The answer should hold only the lines from the beginning of the listing below to the line containing "لما تبحثين عن", both included, with every picture left out.

▶ INFORMATION SHOWN
==========

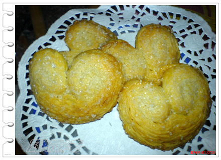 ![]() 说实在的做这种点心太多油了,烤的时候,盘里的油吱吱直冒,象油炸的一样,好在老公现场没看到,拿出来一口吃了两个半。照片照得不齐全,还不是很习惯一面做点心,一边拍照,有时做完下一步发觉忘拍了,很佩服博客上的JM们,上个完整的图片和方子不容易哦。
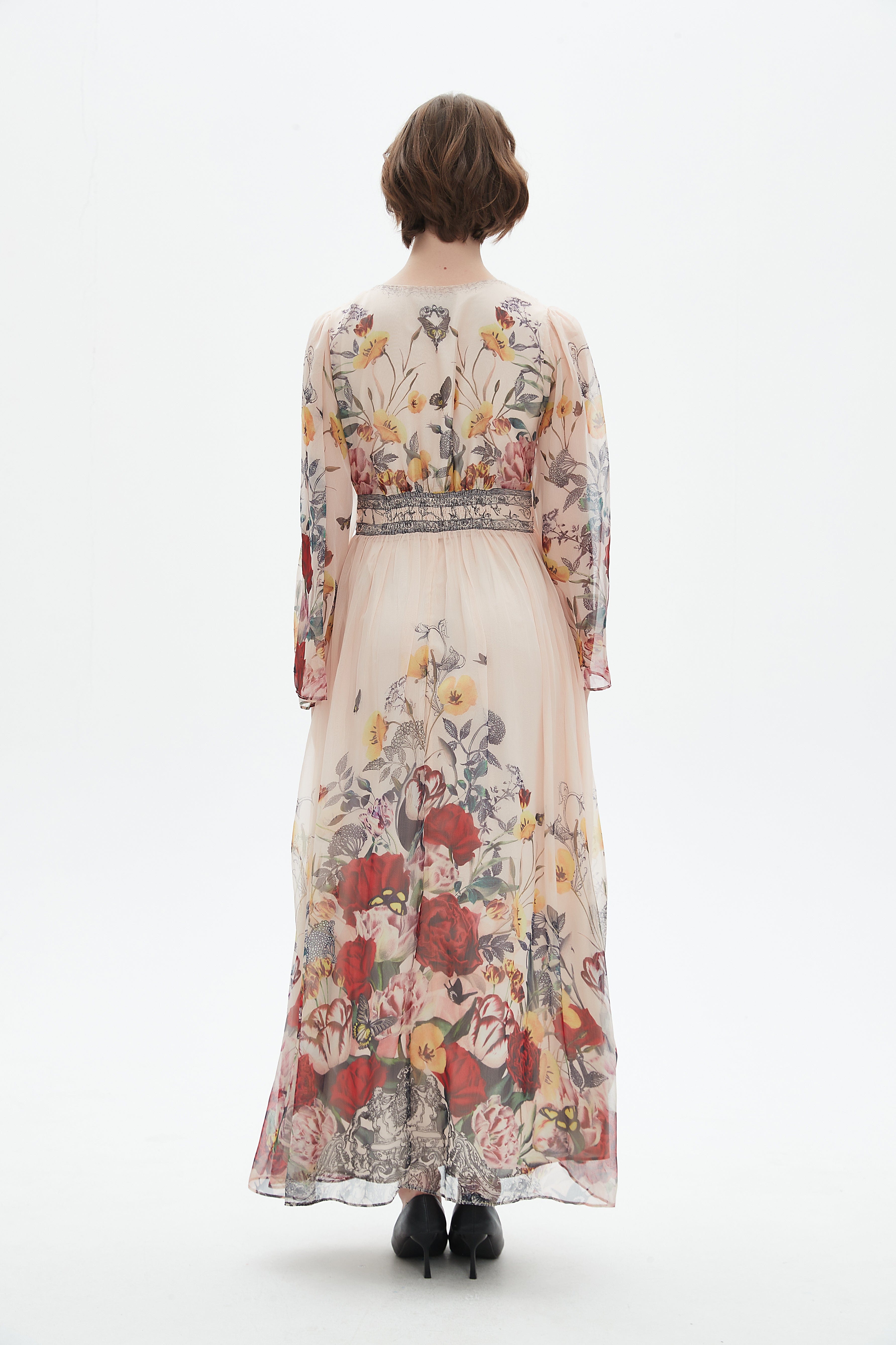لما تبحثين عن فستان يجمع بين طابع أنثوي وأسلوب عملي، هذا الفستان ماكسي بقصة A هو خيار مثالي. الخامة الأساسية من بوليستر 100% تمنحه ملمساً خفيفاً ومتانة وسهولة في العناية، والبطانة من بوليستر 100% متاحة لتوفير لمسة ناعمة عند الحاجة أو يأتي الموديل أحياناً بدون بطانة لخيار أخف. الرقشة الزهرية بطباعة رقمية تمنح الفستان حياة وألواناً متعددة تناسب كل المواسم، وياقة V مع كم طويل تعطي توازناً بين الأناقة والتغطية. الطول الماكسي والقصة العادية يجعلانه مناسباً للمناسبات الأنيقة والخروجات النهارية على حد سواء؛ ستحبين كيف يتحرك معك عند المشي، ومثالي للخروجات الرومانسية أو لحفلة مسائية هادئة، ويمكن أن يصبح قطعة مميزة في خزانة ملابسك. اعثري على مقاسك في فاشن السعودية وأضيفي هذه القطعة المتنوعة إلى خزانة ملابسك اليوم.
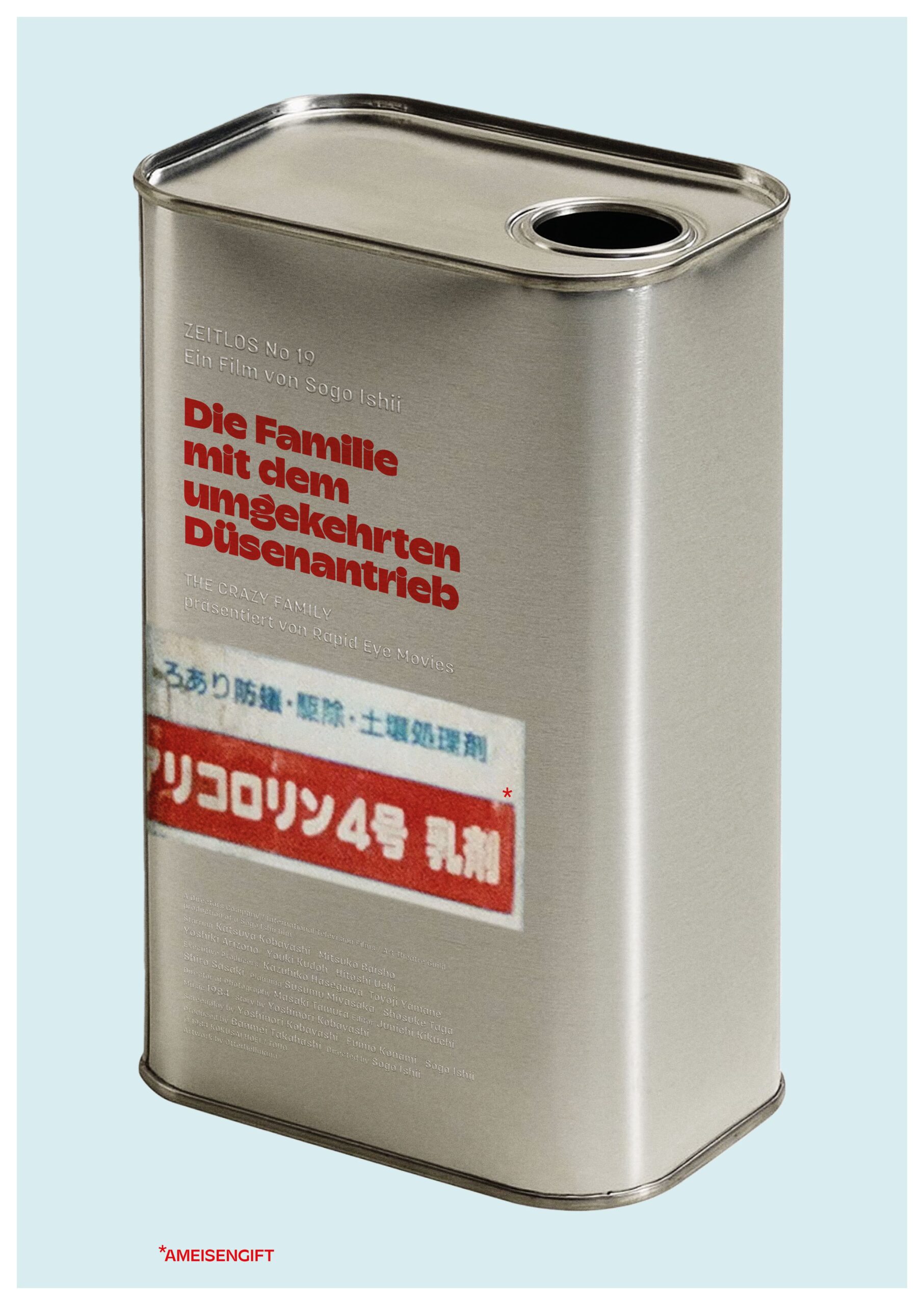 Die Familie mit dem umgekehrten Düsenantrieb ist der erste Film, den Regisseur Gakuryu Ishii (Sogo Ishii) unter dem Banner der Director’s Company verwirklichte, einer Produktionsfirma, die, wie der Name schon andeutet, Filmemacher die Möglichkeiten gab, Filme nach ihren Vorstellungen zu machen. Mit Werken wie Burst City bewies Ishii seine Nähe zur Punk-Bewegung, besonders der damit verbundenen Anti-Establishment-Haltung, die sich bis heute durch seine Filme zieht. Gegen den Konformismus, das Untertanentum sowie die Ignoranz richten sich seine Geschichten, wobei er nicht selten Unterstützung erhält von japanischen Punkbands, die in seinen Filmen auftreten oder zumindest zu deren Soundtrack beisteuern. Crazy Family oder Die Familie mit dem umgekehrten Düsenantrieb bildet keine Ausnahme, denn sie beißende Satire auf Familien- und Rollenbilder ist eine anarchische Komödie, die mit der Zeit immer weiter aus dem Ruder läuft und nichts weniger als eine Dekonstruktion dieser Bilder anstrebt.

==========

▶ TASK RESPONSE
 ![]() 说实在的做这种点心太多油了,烤的时候,盘里的油吱吱直冒,象油炸的一样,好在老公现场没看到,拿出来一口吃了两个半。照片照得不齐全,还不是很习惯一面做点心,一边拍照,有时做完下一步发觉忘拍了,很佩服博客上的JM们,上个完整的图片和方子不容易哦。
لما تبحثين عن فستان يجمع بين طابع أنثوي وأسلوب عملي، هذا الفستان ماكسي بقصة A هو خيار مثالي. الخامة الأساسية من بوليستر 100% تمنحه ملمساً خفيفاً ومتانة وسهولة في العناية، والبطانة من بوليستر 100% متاحة لتوفير لمسة ناعمة عند الحاجة أو يأتي الموديل أحياناً بدون بطانة لخيار أخف. الرقشة الزهرية بطباعة رقمية تمنح الفستان حياة وألواناً متعددة تناسب كل المواسم، وياقة V مع كم طويل تعطي توازناً بين الأناقة والتغطية. الطول الماكسي والقصة العادية يجعلانه مناسباً للمناسبات الأنيقة والخروجات النهارية على حد سواء؛ ستحبين كيف يتحرك معك عند المشي، ومثالي للخروجات الرومانسية أو لحفلة مسائية هادئة، ويمكن أن يصبح قطعة مميزة في خزانة ملابسك. اعثري على مقاسك في فاشن السعودية وأضيفي هذه القطعة المتنوعة إلى خزانة ملابسك اليوم.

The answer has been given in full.